Let $X$ be the set of all relations over $\mathbb N$. Let $R\in X$. Let $r(R)$ be the reflexive closure of some relation $R$. Accordingly, let $s(R)$ be the symmetric closure of $R$. I need to prove that $s(r(R))=r(s(R))$.
While this totally makes sense, I'm not sure how to formally prove this.
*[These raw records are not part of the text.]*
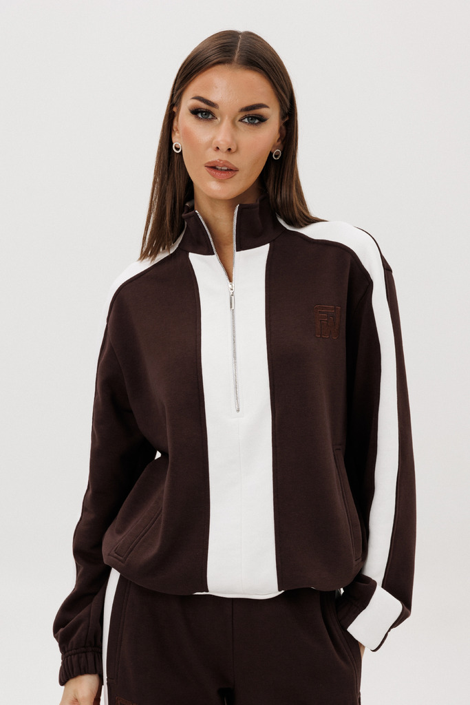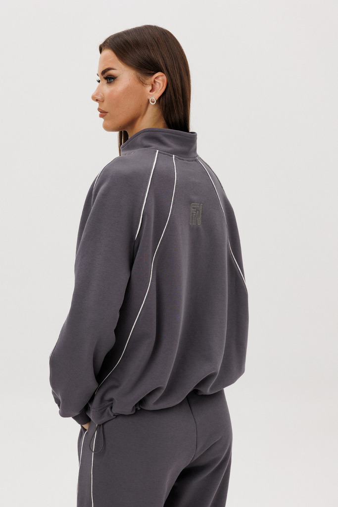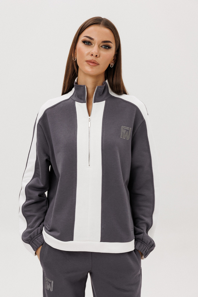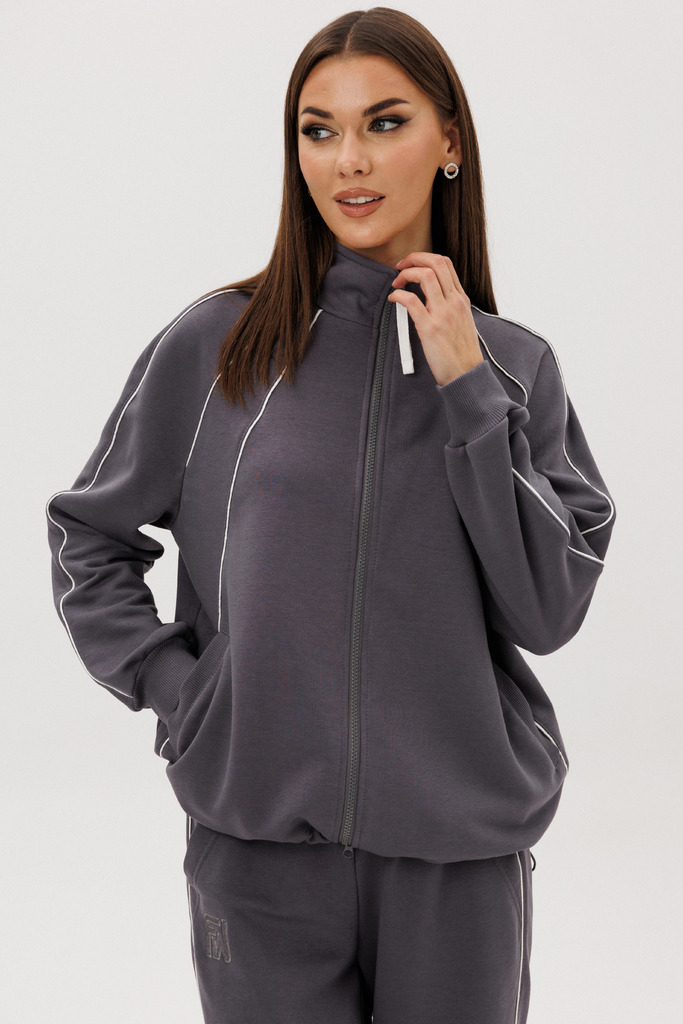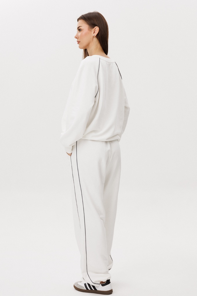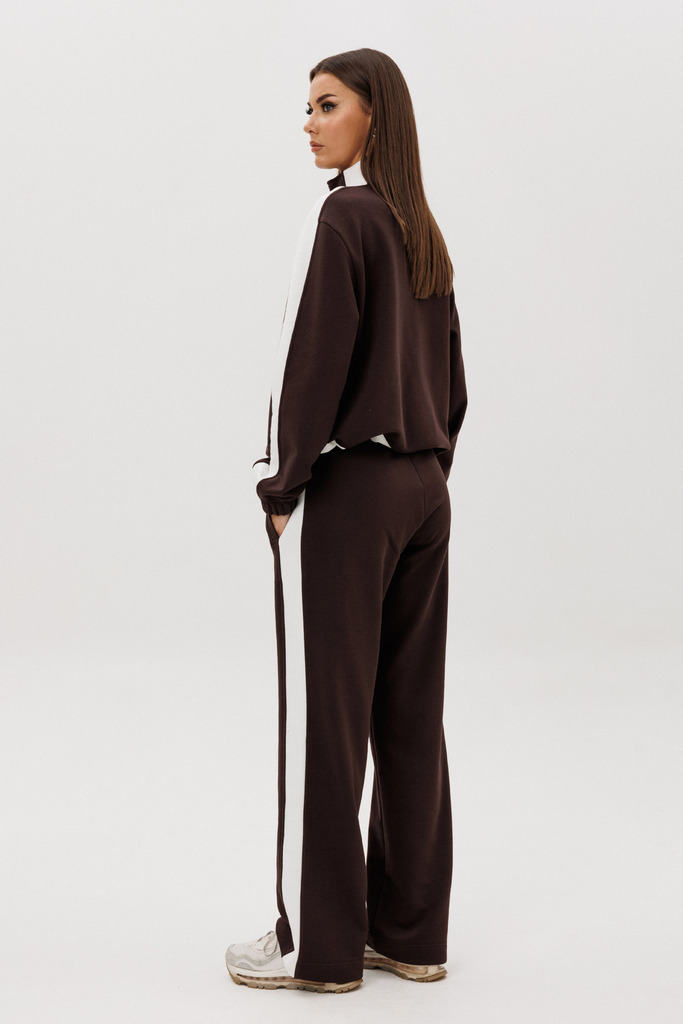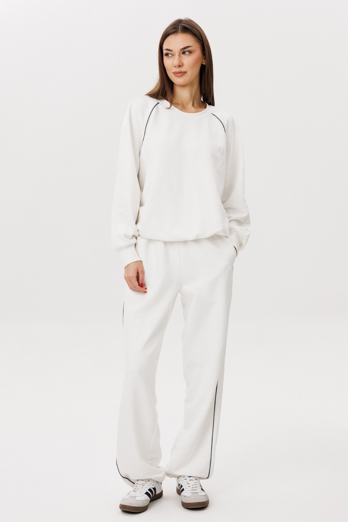 Комфорт - один из ключевых трендов современной действительности, который отлично реализуется в контексте стиля спорт-кэжуал. Его выбирает тот, кто не желает ограничивать себя жёсткими рамками, стремит... Показать описаниеся выглядеть модно и динамично и не считает, что красота требует жертв. Свободный, упрямлённый свитшот с заниженной линией плеча, воротником-стойкой, частичной застёжкой на тесьму-молнию, прорезными карманами, рукавом, состоящим из 3-х частей с притачной манжетой и кулисой с регулирующей эластичной тесьмой и фиксаторами по низу изделия. Брюки свободные, прямые на притачном эластичном поясе с контрастными лампасами и карманами с листочками в боковых швах. Контрастные лампасы на брюках, рукавах, по центру переда и низу придают модели особую динамичность и изысканность. Длина свитшота около 62 см. Длина рукава с плечом около 76 см. Длина брюк около 104 см. хлопок 70%,пэ 27%, эластан 3%.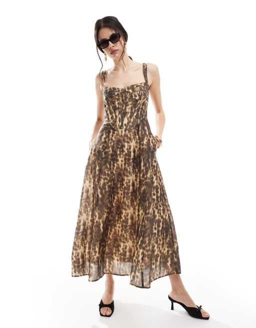 Bardot - Skater-midikjole med korsetdetaljer og leopardprint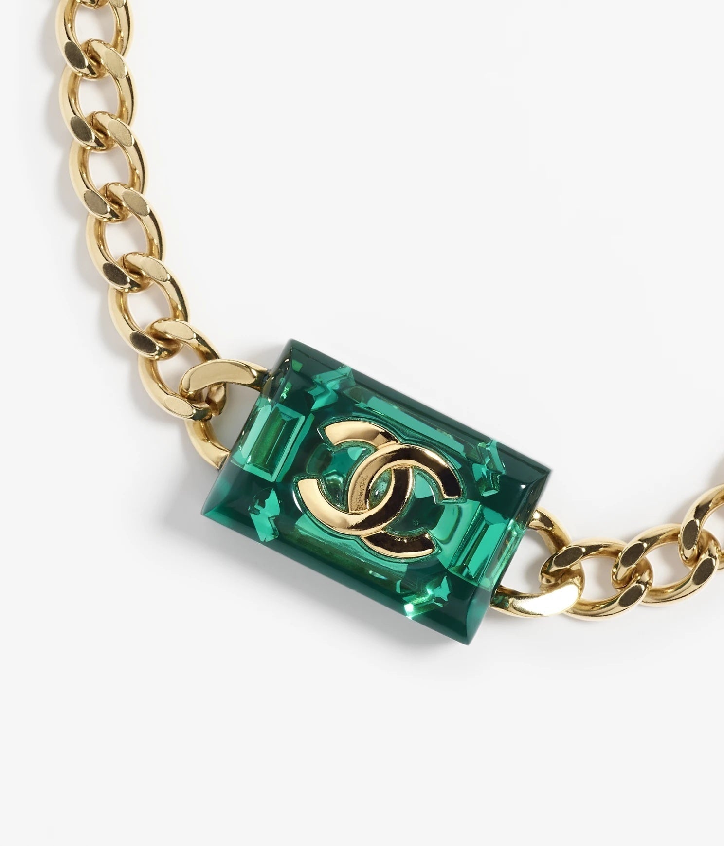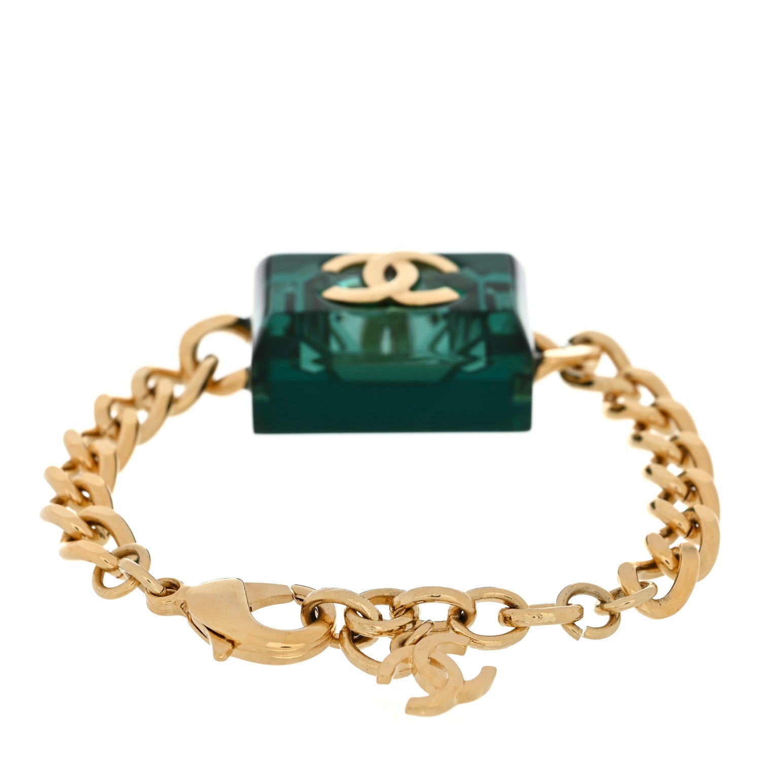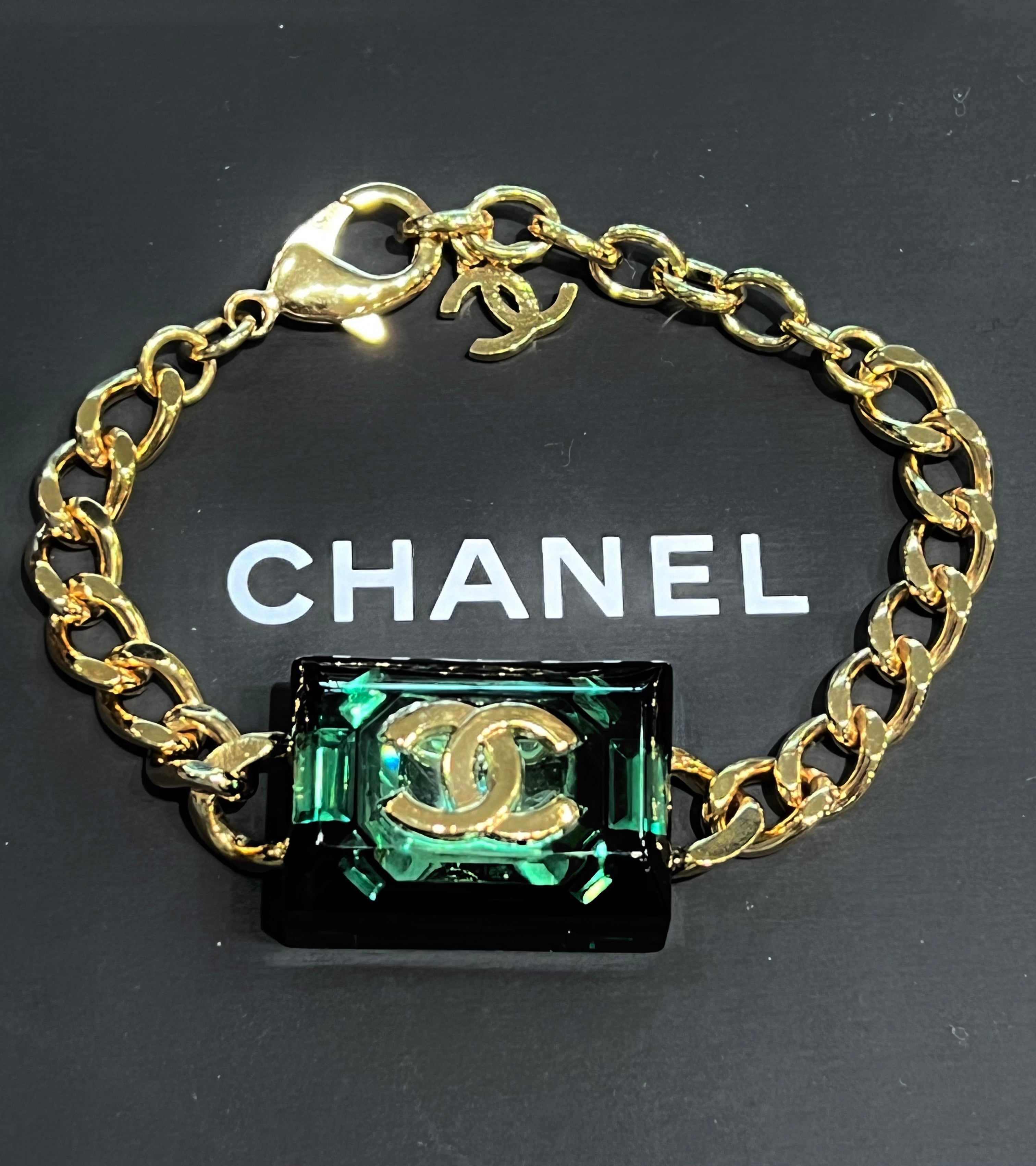 This Stunning Elegant Bracelet is Crafted in Oversized Chain links with a CC Logo set on a Green Mirror Resin Background.

For any $(a,b)\in R$ such that $a\neq b$ we have that $r(R)=\{(a,b)\}\cup \{(a,a), (b,b)\}$. If $(a,a)\in R$ then $r(R)=R$. So essentially $r(R)$ is a union of all original pairs in $R$ plus their reflexive "counterparts". Applying $s$ onto $r(R)$ will add symmetric "counterparts" for all pairs $(a,b)$ such that $a\neq b$ while the pairs of type $(a,a)$ are already symmetric. So all pairs $(a,a)\in R$ are already symmetric and reflexive therefore applying $s$ and $r$ on them will just return the pairs themselves, while applying $r$ and $s$ on all pairs $(a,b)$ will result in the union of symmetric and reflexive pairs which is the same for $s(r(R))=r(s(R))$.
R' = { (a,b) : bRa }. sR = R $\cup$ R'. rR = R $\cup$ N×N.
rsR = sR $\cup$ N×N = R $\cup$ R' $\cup$ N×N.
srR = s(R $\cup$ N×N) = R $\cup$ N×N $\cup$ (R $\cup$ N×N)'
. . = R $\cup$ N×N $\cup$ R' $\cup$ N×N.